# Long tail motors



## AllTerrainAngler (Apr 12, 2017)

I recently got rid of my grizzly duck boat and ended up with a bass boat. After realizing I have no use for that where I live I am going back to a "duck boat" it is a 1652 SeaArk with a 27HP long shaft. Guy is also including a 35HP jet drive. Both motors are tip top and trailer is brand new. Boat is a 2014. What is everyone's experience with the long tails. Should I keep both motors and switch them out depending on hunting situation? This is my first long tail. My last one had a 25 tiller and previous was a surface drive.


----------



## reelsouthern1220 (Apr 12, 2017)

A longtail will work you over compared to a surface drive!! I would probably keep both depending on what kind of hunting situations you are in. I am not super familiar with jet drives, but if you plan on running any real distance, and its not straight up mud/vegetation, I am quite sure you will prefer the jet drive. I'd say try them both out and see what you think. Only you can make the call, but I can tell you I would not go back to a longtail after having a surface drive for several years now. Good Luck!!


----------



## GSURugger (Apr 12, 2017)

-As said, a longtail will work you over
-a jet normally operates at about 70% HP of the same prop drive (35 is gonna run like a 25)
-unless what you run is hard bottom, the jet will suck up mud, muck, and other trash
-your speed is going to suck with that big hull IMO.


----------



## AllTerrainAngler (Apr 12, 2017)

GSURugger said:


> -As said, a longtail will work you over
> -a jet normally operates at about 70% HP of the same prop drive (35 is gonna run like a 25)
> -unless what you run is hard bottom, the jet will suck up mud, muck, and other trash
> -your speed is going to suck with that big hull IMO.

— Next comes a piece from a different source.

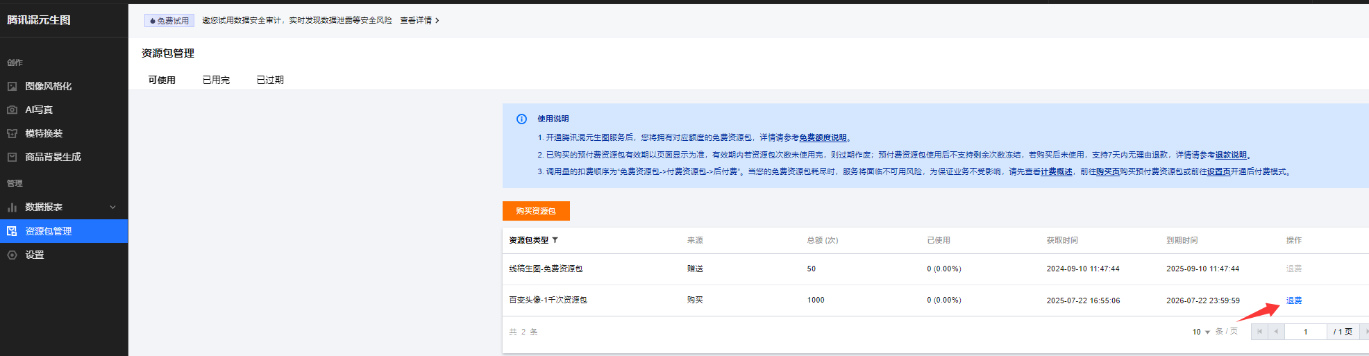 1. 登录腾讯混元生图控制台,进入 资源包管理 页面,选择需要退款的资源包,单击 退费。

We took it out with the long tail and it was actually pushing it 30 with 2 guys and a dog.  Maybe the pods help

The jet drive would be used on bigger water.


----------



## rnelson5 (Apr 12, 2017)

AllTerrainAngler said:


> We took it out with the long tail and it was actually pushing it 30 with 2 guys and a dog.  Maybe the pods help
> 
> The jet drive would be used on bigger water.



30 with a long tail?? Is the hull like .020 aluminum?!?!?!?!


----------



## AllTerrainAngler (Apr 12, 2017)

rnelson5 said:


> 30 with a long tail?? Is the hull like .020 aluminum?!?!?!?!

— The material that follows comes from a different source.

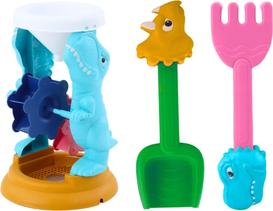 Ta barvit dino komplet za pesek spremeni vsak popoldan na plaži ali v peskovniku v pravo pustolovščino. Otroci bodo vzljubili mlinček z motivom dinozavrov, skozi katerega lahko presejejo pesek ali prelivajo vodo in opazujejo vrtenje lopatic. Modelčki pomagajo ustvarjati izvirne gradnje in dino odtise, hkrati pa razvijajo fino motoriko in domišljijo.
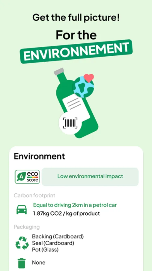 - Environment: The Ecoscore (including carbon footprint (CO2 emissions), packaging (as well as recycling instructions), environmental labels (organic, quality etc.), and origins of ingredients)

COuld be wrong speed but that was on the depth finder speedo and pacing with a bass boat with its own graphs. The guy has 3600 in the motor build. It's got 5 hours on it.


----------



## rnelson5 (Apr 12, 2017)

30 is smoking with a long tail for sure.


----------



## kevbo3333 (Apr 13, 2017)

Not saying you are wrong but a 1652 with a 27 long tail should Probably run 20 solo not 30 loaded. Is that 27 modded with twin turbos or something!!!!!!!! This is just my opinion but I would sell the LT and jet and buy the biggest SD you can fit on that boat and run it where ever you want. You will Only have to maintain one motor and when you get that SD set up right it will drive about like an outboard.


----------



## AllTerrainAngler (Apr 13, 2017)

kevbo3333 said:


> Not saying you are wrong but a 1652 with a 27 long tail should Probably run 20 solo not 30 loaded. Is that 27 modded with twin turbos or something!!!!!!!! This is just my opinion but I would sell the LT and jet and buy the biggest SD you can fit on that boat and run it where ever you want. You will Only have to maintain one motor and when you get that SD set up right it will drive about like an outboard.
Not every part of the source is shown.